Please run these commands and provide the output (except for the list of samples):

# report the version
tiledbvcf --version

# report high-level dataset stats
tiledbvcf stat --uri dataset_uri

# list names of samples in the dataset
tiledbvcf list --uri dataset_uri

Can you share the ingestion script and query code? I assume you cannot share the data.

Thanks again @George_Powley , and yes I cannot share the data due to privacy concerns.

But please find the output of the above commands

# report the version
tiledbvcf --version

TileDB-VCF version 0152168-modified
TileDB version 2.15.4
htslib version 1.16
# report high-level dataset stats

tiledbvcf stat --uri dataset_uri

Statistics for dataset 'full_dataset_tiledb_III':
- Version: 4
- Tile capacity: 10,000
- Anchor gap: 1,000
- Number of samples: 1,690
- Extracted attributes: none

I used tiledbvcf python module for the ingestion purposes, and the script is as below :

# Library Imports
import tiledbvcf
import pathlib
import shutil


directory = pathlib.Path("path to input directory") # Directory with all input files to be ingested by tiledbvcf
files = list(directory.glob("*.vcf.gz"))

uri = "full_dataset_tiledb_III"
dataset_path =pathlib.Path( "output_directory")/uri

# remove the dataset if already exists

if dataset_path.exists():
        shutil.rmtree(dataset_path)
        print("Dataset removed")

ds = tiledbvcf.Dataset(str(dataset_path),"w")
ds.create_dataset()

print("file ingestion started")

for file in files:
        try:
            	ds.ingest_samples([str(file)])
        except:
               	print(file.name)
print("Code Over")

The query script I used was as :

import tiledbvcf
import pandas as pd

uri = "full_dataset_tiledb_III"
ds = tiledbvcf.Dataset(uri,"r")

df = ds.read(attrs=["col_1", "col_2"])
print(df[df["col_1"].str.contains("X")])

I also ran the equivalent commands you mentioned in the python module and the output is as follows:

 tiledbvcf.version
'0.23.1'

ds.attributes(attr_type = "builtin")

['alleles', 'contig', 'filters', 'fmt', 'id', 'info', 'pos_end', 'pos_start', 'qual', 'query_bed_end', 'query_bed_line', 'query_bed_start', 'sample_name']
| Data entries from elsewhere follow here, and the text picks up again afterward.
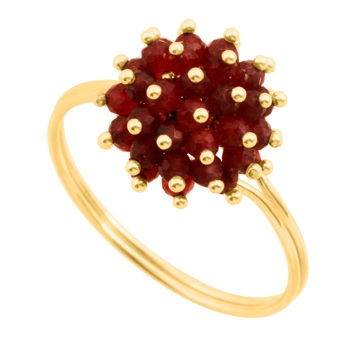 ID: #3592 symbol: Pa046 EAN: 5900025035924 uwagi: Pierścionek "maczuga" z kamieniami w kolorze rubinu. średnica: 20 mm
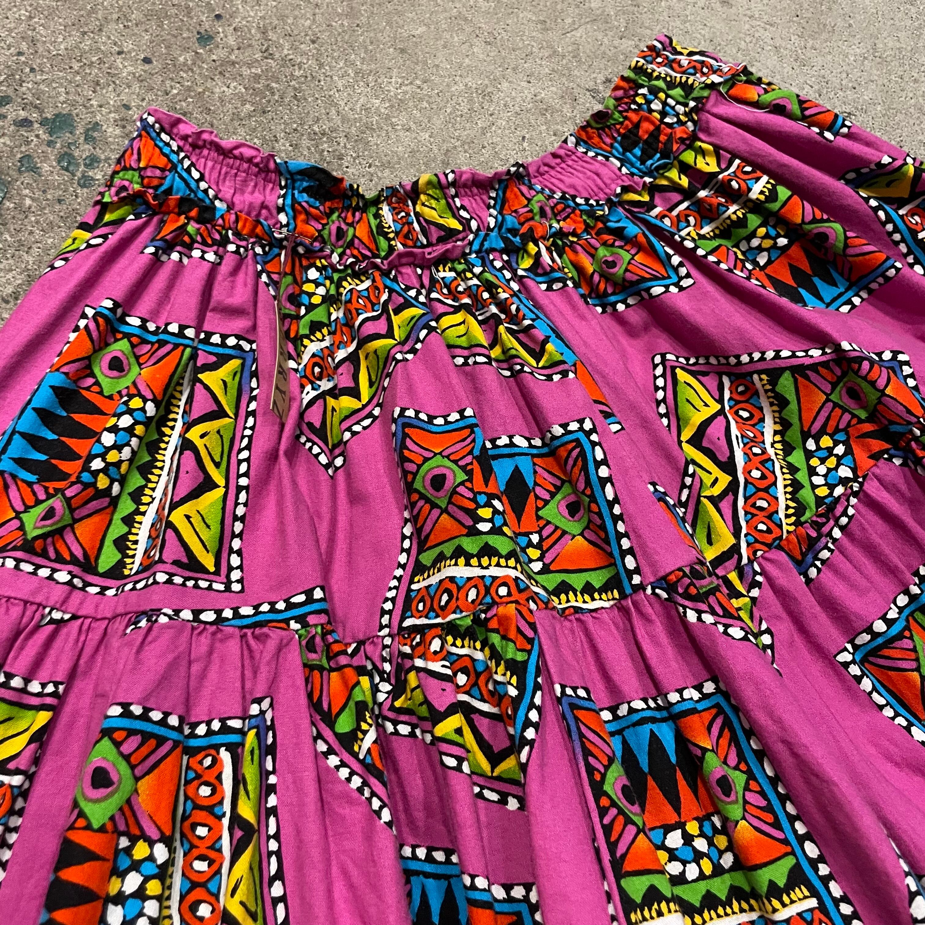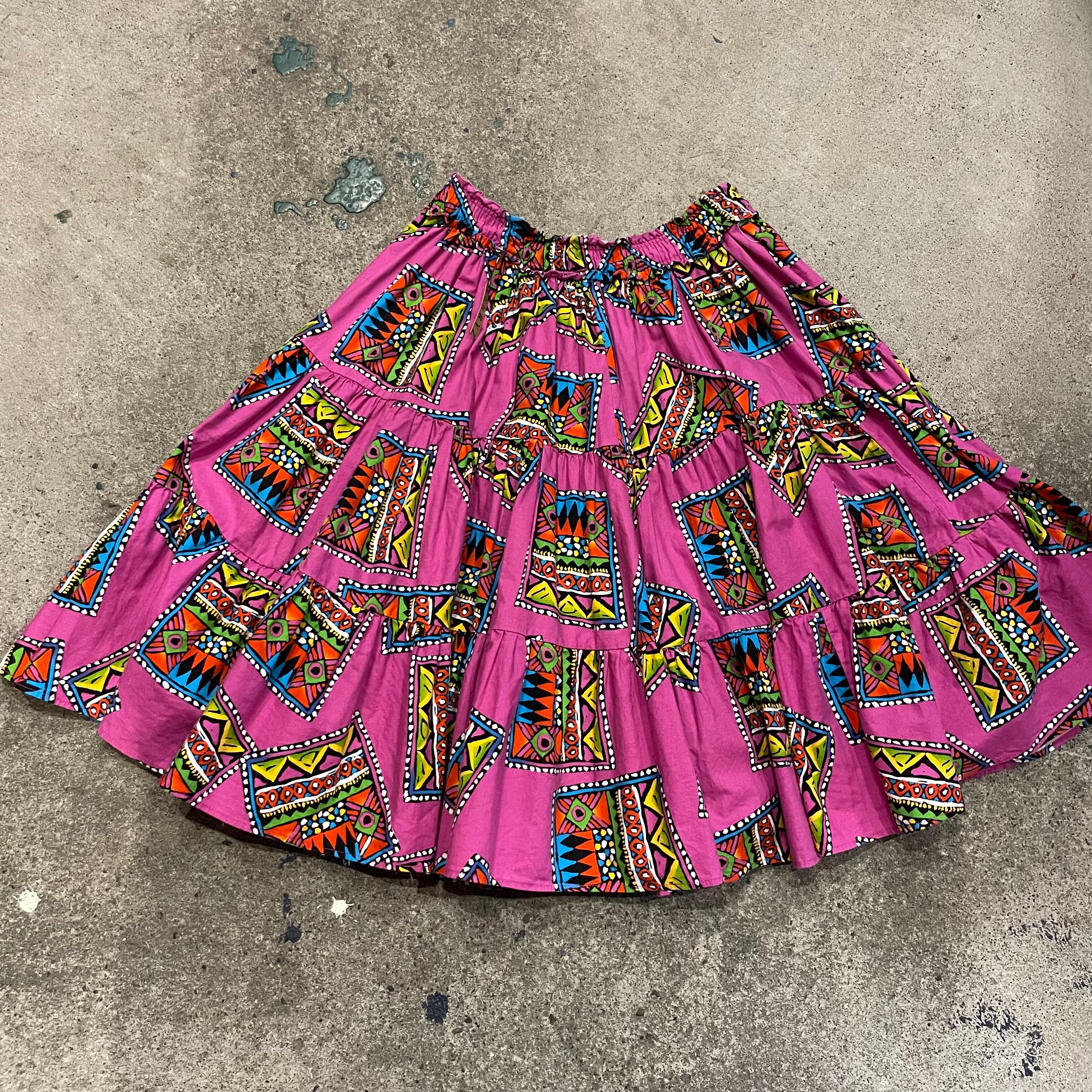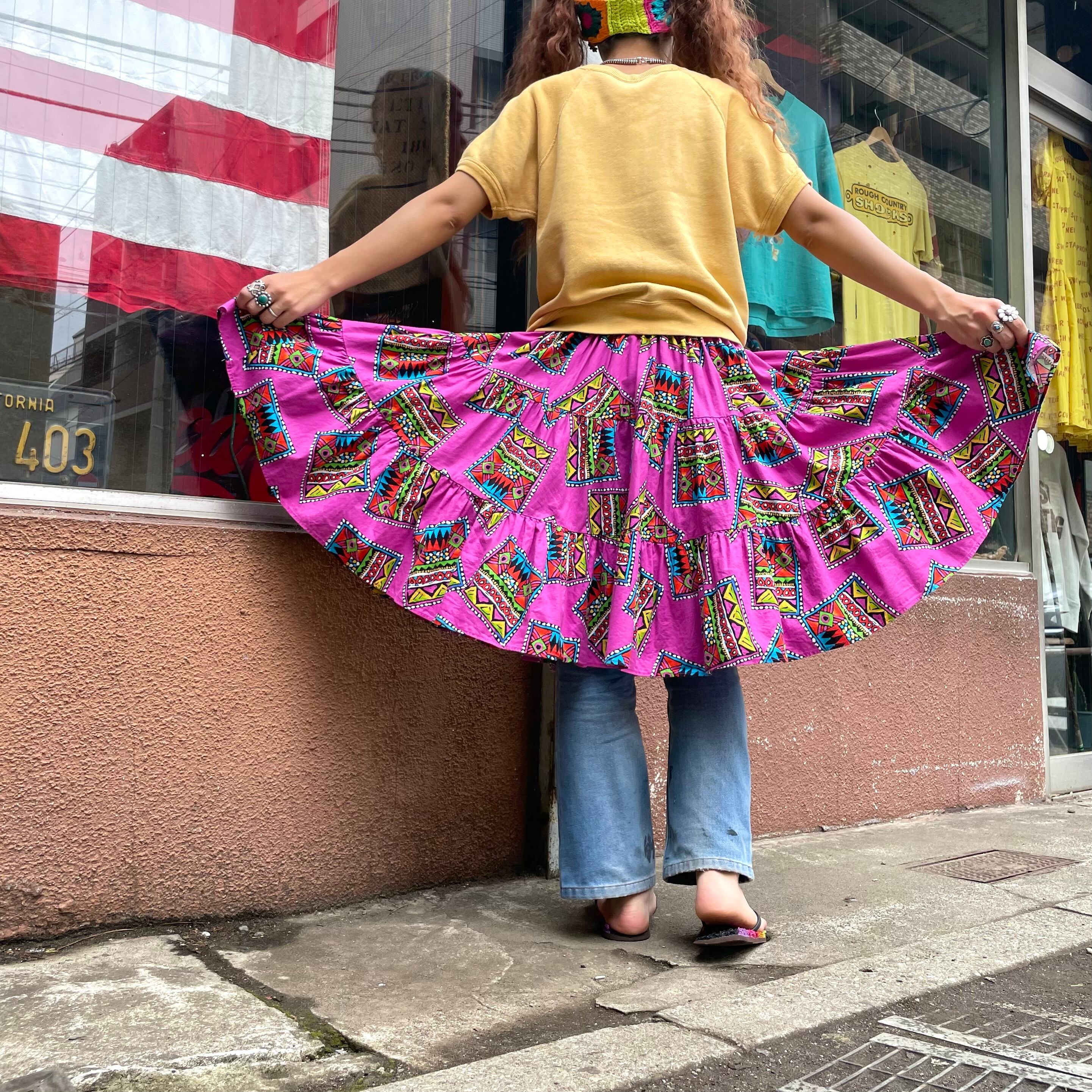 とてもかわいい色味のピンク地に、カラフルな不思議な柄が映えているスカートです。
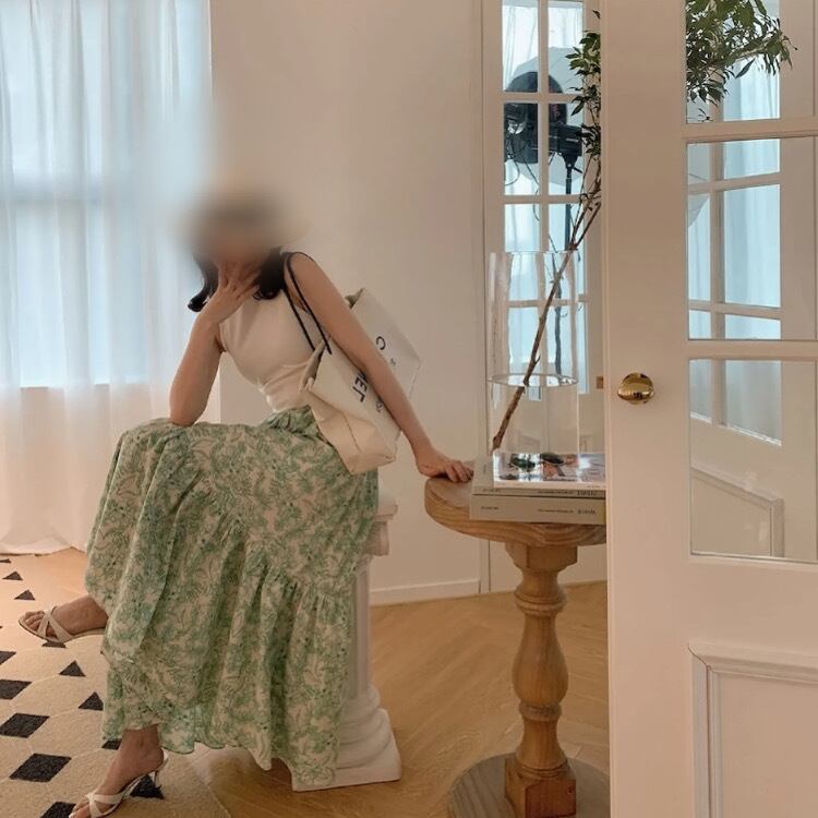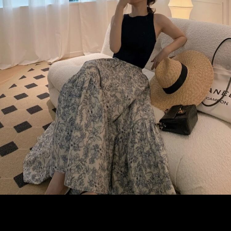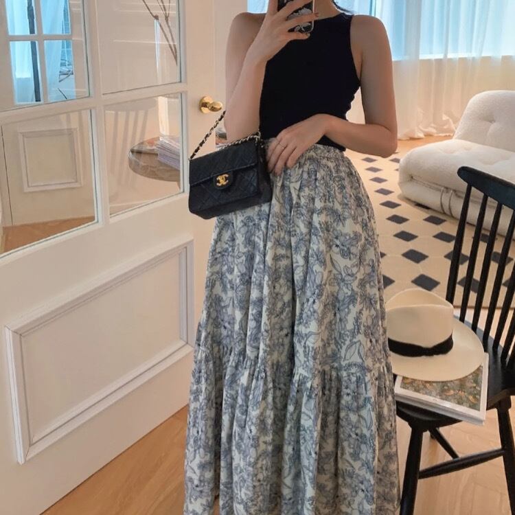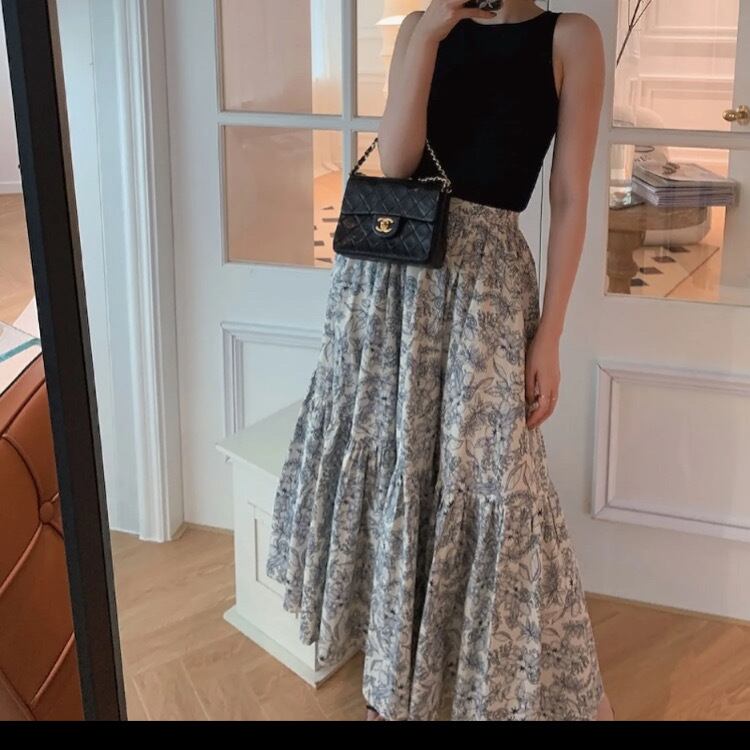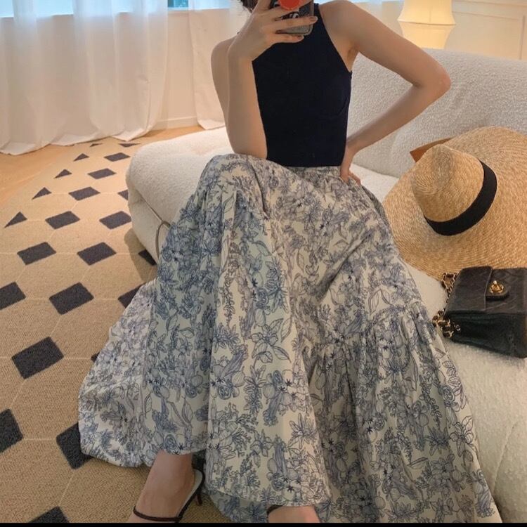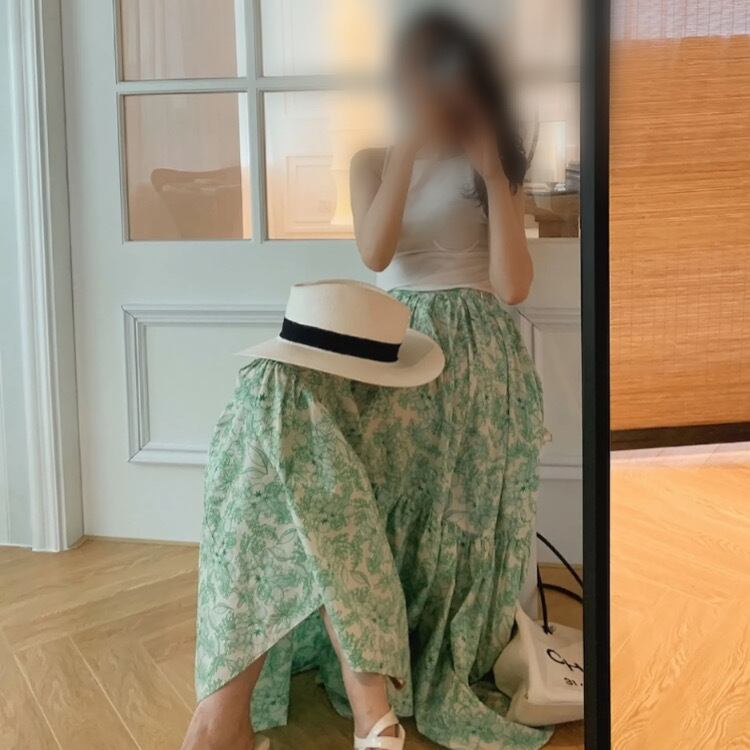 トワルドジュイ風野菜果物柄韓国コットン100%ミドル丈ビクトリアンスカートsk252201
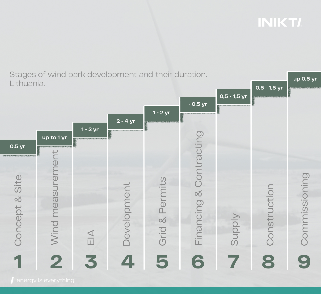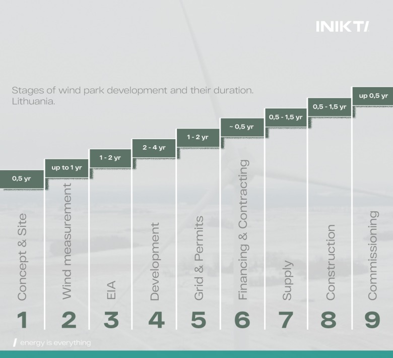 Developing a wind park in Lithuania usually takes 5–10 years and involves multiple stages:1. Concept & Site – wind potential is analyzed, land plots and grid connection possibilities are assessed.
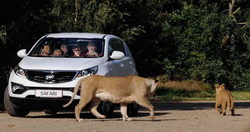 Kontakt en zoomedarbejder, hvis du har problemer med bilen. Brug hornet for at tilkalde hjælp, hvis du kører på safarituren eller i løveområdet – og bliv i bilen!
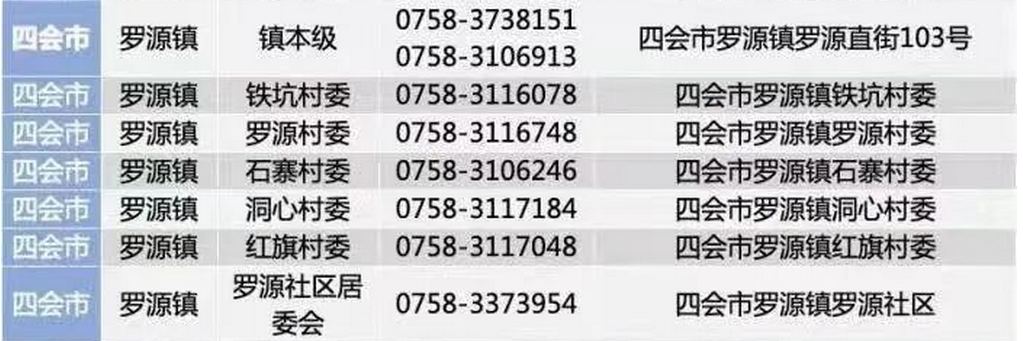 肇庆市四会市罗源镇村委会防疫咨询报备电话(点击图片可查看大图)
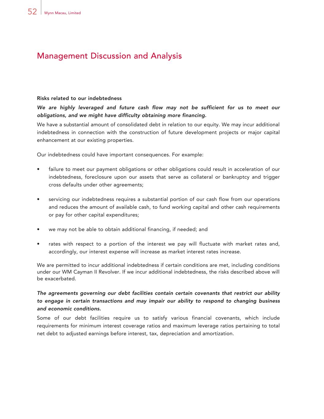 52 Wynn Macau, Limited Management Discussion and Analysis Risks related to our indebtedness We are highly leveraged and future cash flow may not be sufficient for us to meet our obligations, and we might have difficulty obtaining more financing. We have a substantial amount of consolidated debt in relation to our equity. We may incur additional indebtedness in connection with the construction of future development projects or major capital enhancement at our existing properties. Our indebtedness could have important consequences. For example: • failure to meet our payment obligations or other obligations could result in acceleration of our indebtedness, foreclosure upon our assets that serve as collateral or bankruptcy and trigger cross defaults under other agreements; • servicing our indebtedness requires a substantial portion of our cash flow from our operations and reduces the amount of available cash, to fund working capital and other cash requirements or pay for other capital expenditures; • we may not be able to obtain additional financing, if needed; and • rates with respect to a portion of the interest we pay will fluctuate with market rates and, accordingly, our interest expense will increase as market interest rates increase. We are permitted to incur additional indebtedness if certain conditions are met, including conditions under our WM Cayman II Revolver. If we incur additional indebtedness, the risks described above will be exacerbated. The agreements governing our debt facilities contain certain covenants that restrict our ability to engage in certain transactions and may impair our ability to respond to changing business and economic conditions. Some of our debt facilities require us to satisfy various financial covenants, which include requirements for minimum interest coverage ratios and maximum leverage ratios pertaining to total net debt to adjusted earnings before interest, tax, depreciation and amortization.
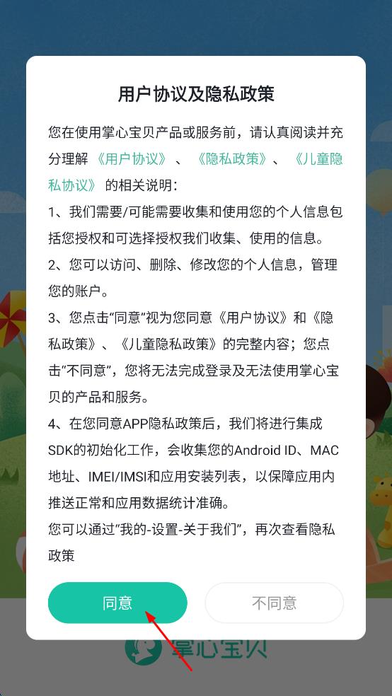 1、打開(kāi)掌心寶貝app,會(huì)彈出用戶(hù)協(xié)議及隱私政策提示框,仔細(xì)閱讀相關(guān)內(nèi)容后,若同意,點(diǎn)擊“同意”按鈕。
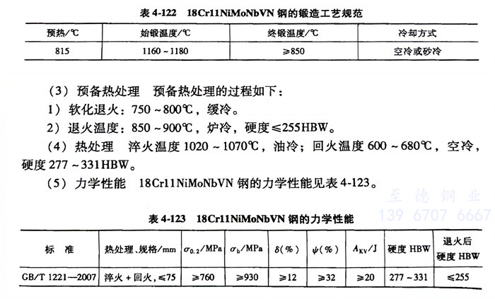 18Cr11NiMoNbVN(2Cr11NiMoNbVN)不銹(xiu)鋼的鍛造(zao)工(gong)藝規范見表(biao)4-122。
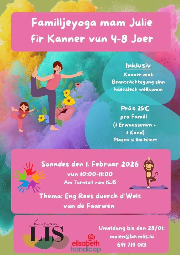 Familljeyoga mam Julie fir Kanner vun 4-8 Joer
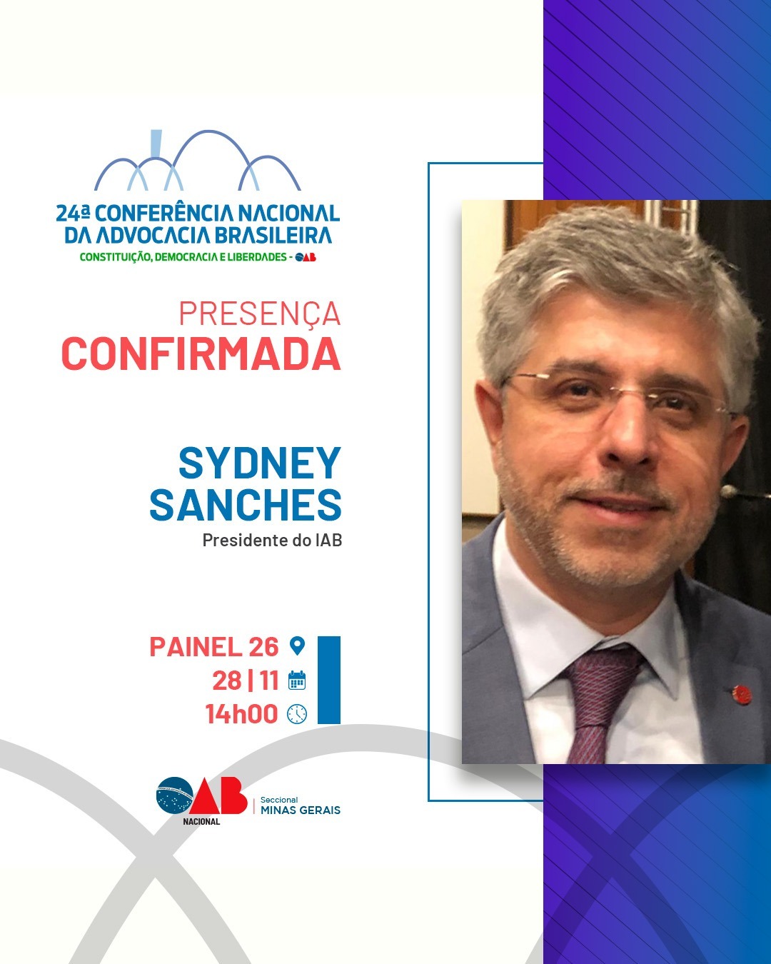 O presidente do IAB, Sydney Limeira Sanches, também é presença confirmada na conferência. Ele será o relator do Painel 26 do evento, sobre Direito e Cultura, que será realizado na terça-feira, às 14h. O advogado José Roberto de Castro será o presidente e o conselheiro federal da Ordem Daniel Blume será o secretário da mesa. O painel debaterá Justiça imaginária, liberdade de expressão na era digital, entre outros temas, e terá as participações do jornalista Pedro Bial, do presidente da Academia Brasileira de Letras (ABL), Merval Pereira, do professor da USP Tercio Sampaio Ferraz, da desembargadora do TJRJ Andréa Pachá, do advogado e influenciador digital Pedro Pacífico, da membro da Academia Brasileira de Letras Jurídicas (ABLJ) Judith Martins-Costa e do diretor jurídico das organizações Globo, Antônio Cláudio.

To debug further, I look at the number of lines in a particular file and I observe tha the number of lines in the file processed using Python (excluding the header) was fewer compared to the actual file. However, when exporting the same file from the dataset, it matched the ingested file.

Please let me know if the above output helps, or anything more is needed from end.

Thanks for sharing your scripts @Vibhorgupta31.

One suggestion is to add the following code to the beginning of your scripts, to help identify any issues:

tiledbvcf.config_logging("debug", "tiledbvcf.log")

Also, we recommend ingesting VCF files in batches of at least 10, which will improve the query performance.

Finally, our TileDB Cloud SaaS product includes APIs for one-line distributed VCF ingestion and one-line distributed VCF queries. These functions reduce the coding effort required to ingest and query VCF data and include best practices to optimize performance. If you are interested in TileDB Cloud, we would be happy to meet and discuss further.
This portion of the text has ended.